═══ Available data ═══

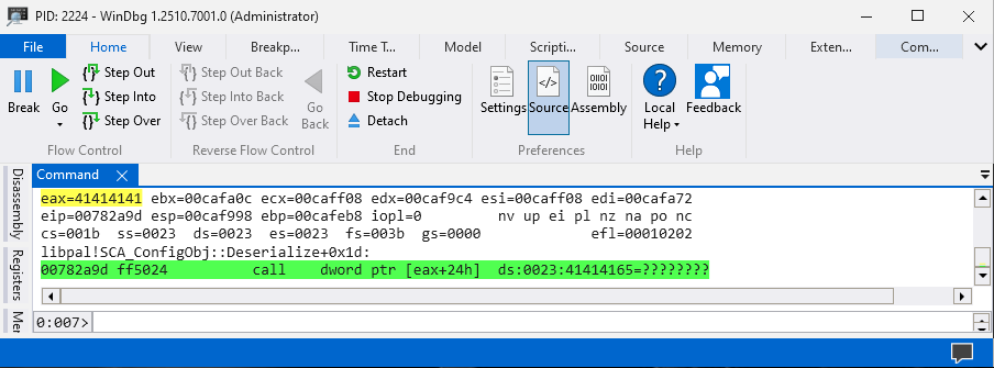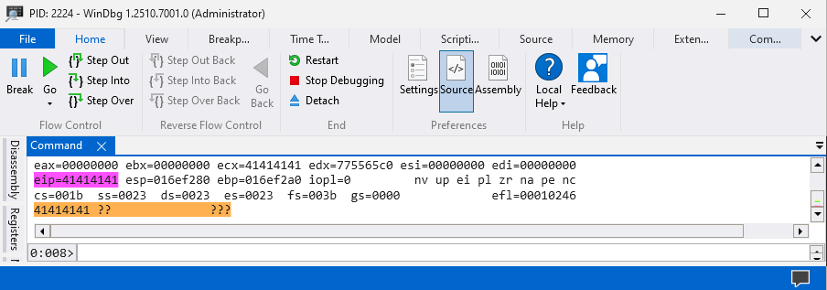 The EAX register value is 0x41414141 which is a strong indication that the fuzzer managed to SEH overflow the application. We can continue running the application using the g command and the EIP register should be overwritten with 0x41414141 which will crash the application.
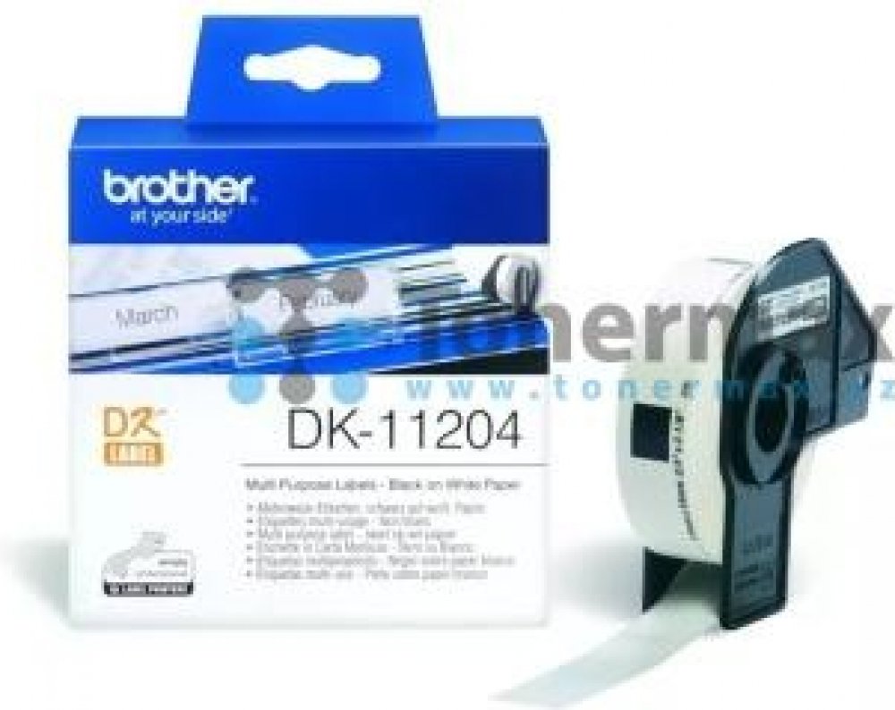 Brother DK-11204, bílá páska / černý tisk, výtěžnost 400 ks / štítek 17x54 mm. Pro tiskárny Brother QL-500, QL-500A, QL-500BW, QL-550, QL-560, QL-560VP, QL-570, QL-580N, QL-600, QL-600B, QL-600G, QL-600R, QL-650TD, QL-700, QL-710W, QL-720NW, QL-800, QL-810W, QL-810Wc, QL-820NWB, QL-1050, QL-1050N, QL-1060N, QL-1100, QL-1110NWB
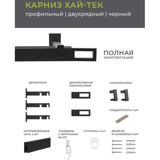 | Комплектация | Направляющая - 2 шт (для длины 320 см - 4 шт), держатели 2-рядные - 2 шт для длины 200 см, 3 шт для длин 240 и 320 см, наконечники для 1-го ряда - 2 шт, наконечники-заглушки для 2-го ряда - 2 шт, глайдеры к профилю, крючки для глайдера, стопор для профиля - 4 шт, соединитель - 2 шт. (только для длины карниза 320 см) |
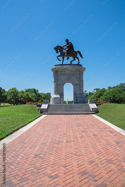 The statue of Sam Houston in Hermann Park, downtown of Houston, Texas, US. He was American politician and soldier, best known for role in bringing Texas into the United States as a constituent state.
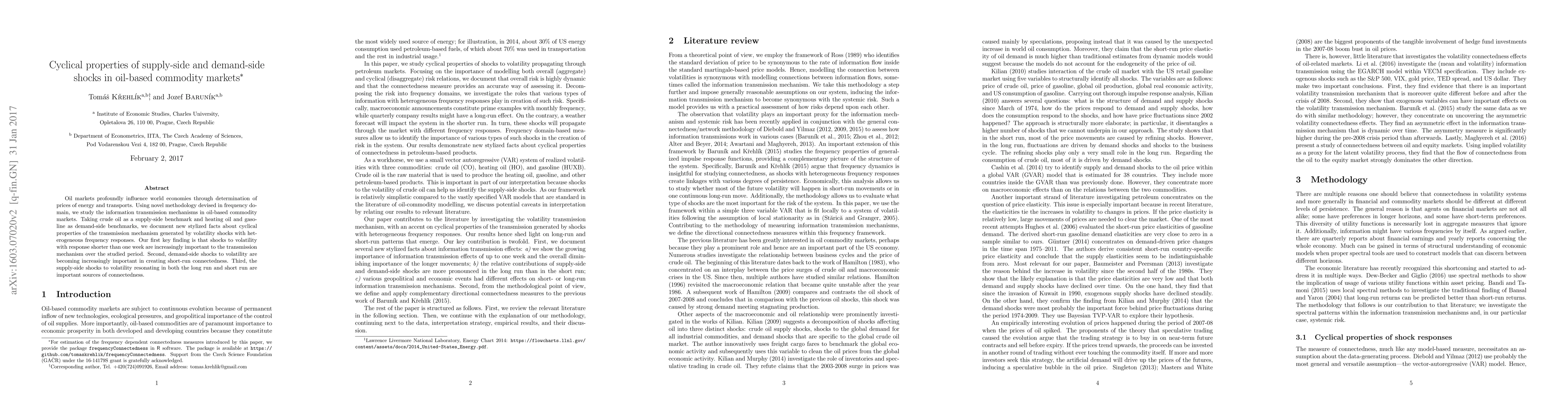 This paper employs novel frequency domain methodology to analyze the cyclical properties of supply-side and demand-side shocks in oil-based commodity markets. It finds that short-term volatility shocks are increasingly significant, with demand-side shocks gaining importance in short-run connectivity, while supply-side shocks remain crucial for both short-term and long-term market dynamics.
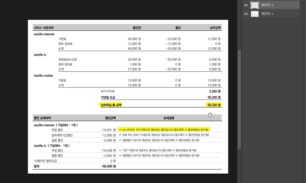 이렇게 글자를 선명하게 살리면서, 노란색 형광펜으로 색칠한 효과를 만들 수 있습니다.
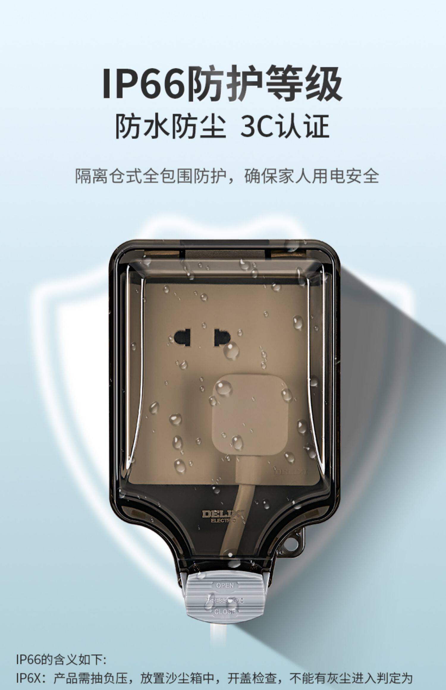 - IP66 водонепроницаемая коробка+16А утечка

═══

The answer should hold every line of the listing, copied exactly, with no pictures.

* [Result for this exercise]
 The EAX register value is 0x41414141 which is a strong indication that the fuzzer managed to SEH overflow the application. We can continue running the application using the g command and the EIP register should be overwritten with 0x41414141 which will crash the application.
 Brother DK-11204, bílá páska / černý tisk, výtěžnost 400 ks / štítek 17x54 mm. Pro tiskárny Brother QL-500, QL-500A, QL-500BW, QL-550, QL-560, QL-560VP, QL-570, QL-580N, QL-600, QL-600B, QL-600G, QL-600R, QL-650TD, QL-700, QL-710W, QL-720NW, QL-800, QL-810W, QL-810Wc, QL-820NWB, QL-1050, QL-1050N, QL-1060N, QL-1100, QL-1110NWB
 | Комплектация | Направляющая - 2 шт (для длины 320 см - 4 шт), держатели 2-рядные - 2 шт для длины 200 см, 3 шт для длин 240 и 320 см, наконечники для 1-го ряда - 2 шт, наконечники-заглушки для 2-го ряда - 2 шт, глайдеры к профилю, крючки для глайдера, стопор для профиля - 4 шт, соединитель - 2 шт. (только для длины карниза 320 см) |
 The statue of Sam Houston in Hermann Park, downtown of Houston, Texas, US. He was American politician and soldier, best known for role in bringing Texas into the United States as a constituent state.
 This paper employs novel frequency domain methodology to analyze the cyclical properties of supply-side and demand-side shocks in oil-based commodity markets. It finds that short-term volatility shocks are increasingly significant, with demand-side shocks gaining importance in short-run connectivity, while supply-side shocks remain crucial for both short-term and long-term market dynamics.
 이렇게 글자를 선명하게 살리면서, 노란색 형광펜으로 색칠한 효과를 만들 수 있습니다.
 - IP66 водонепроницаемая коробка+16А утечка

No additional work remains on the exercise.